On January 23rd, starting 03:38 UT, an M8 class flare occurred in the western solar hemisphere (N28 W38), together with a fast coronal mass ejection (CME). This event was accompanied by a strong enhancement of energetic proton intensities in the Earth's space environment, as measured, e.g., by NOAA's GOES spacecraft (1st Figure below). The intensity attained a maximum of 3000-4000 pfu at energies above 10 MeV near 15 UT and stayed at this level until about 5 UT on January 24th. After a short decrease the intensity rose again to about 6000 pfu. At energies above 100 MeV the intensity decreased since 6 UT on January 23rd. No excess counts were measured by the neutron monitor network (www.nmdb.eu; 2nd Figure below). This shows that the solar event did not accelerate a significant amount of protons to relativistic energies (E>450 MeV).

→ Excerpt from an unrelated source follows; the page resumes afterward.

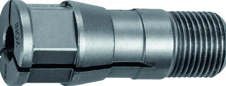 Ruostumattomasta teräksestä valmistettu kiristysholkki laipalla. Rakenne suojaa työkappaletta ja estää avaimen irtoamisen työkaluja vaihdettaessa.
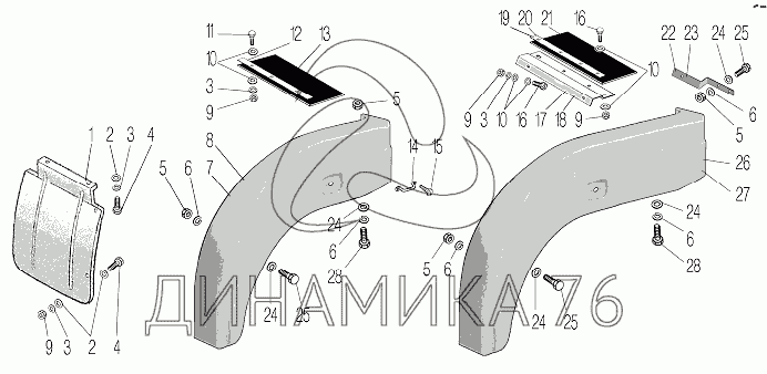 Схемы запчастей предназначены для справочных целей! Мы продаем не все запчасти от Установка крыльев передних на УРАЛ-532361, представленные в этом списке.

The solar energetic particle event is clearly important. For comparison, the maximum intensities of protons accelerated at the Sun, during the first hours of the flare/CME event, in the large solar particle events of the previous (23rd) activity cycle were 1500 pfu on 2000 July 14, 1700 pfu on 2005 January 20, 2500 pfu on 2003 October 29, and 3000 pfu on 2001 November 4. However, protons accelerated near Earth by the shock wave driven by the coronal mass ejection were much higher in the big particle events of the previous cycle : 24000 pfu (July 14th, 2000), 29500 pfu (October 28th, 2003),...

Since 14 UT on January 24th neutron monitors display a decrease of the counts of galactic cosmic rays, which is due to the arrival near Earth of the coronal mass ejection that left the Sun during the January 23 event, and its shock wave ("Forbush decrease"; 2nd figure below). This time corresponds to the late maximum of the proton intensities measured by GOES, especially at the lower energies (in particular in the channel > 10 MeV ; red curve in the first figure). We can now conclude that the proton intensities at the passage of the shock wave at Earth were well below those of the strongest events during activity cycle 23.


Protons measured by GOES (NOAA)


Relativistic protons (galactic cosmic rays) measured by the NMDB network(nest.nmdb.eu)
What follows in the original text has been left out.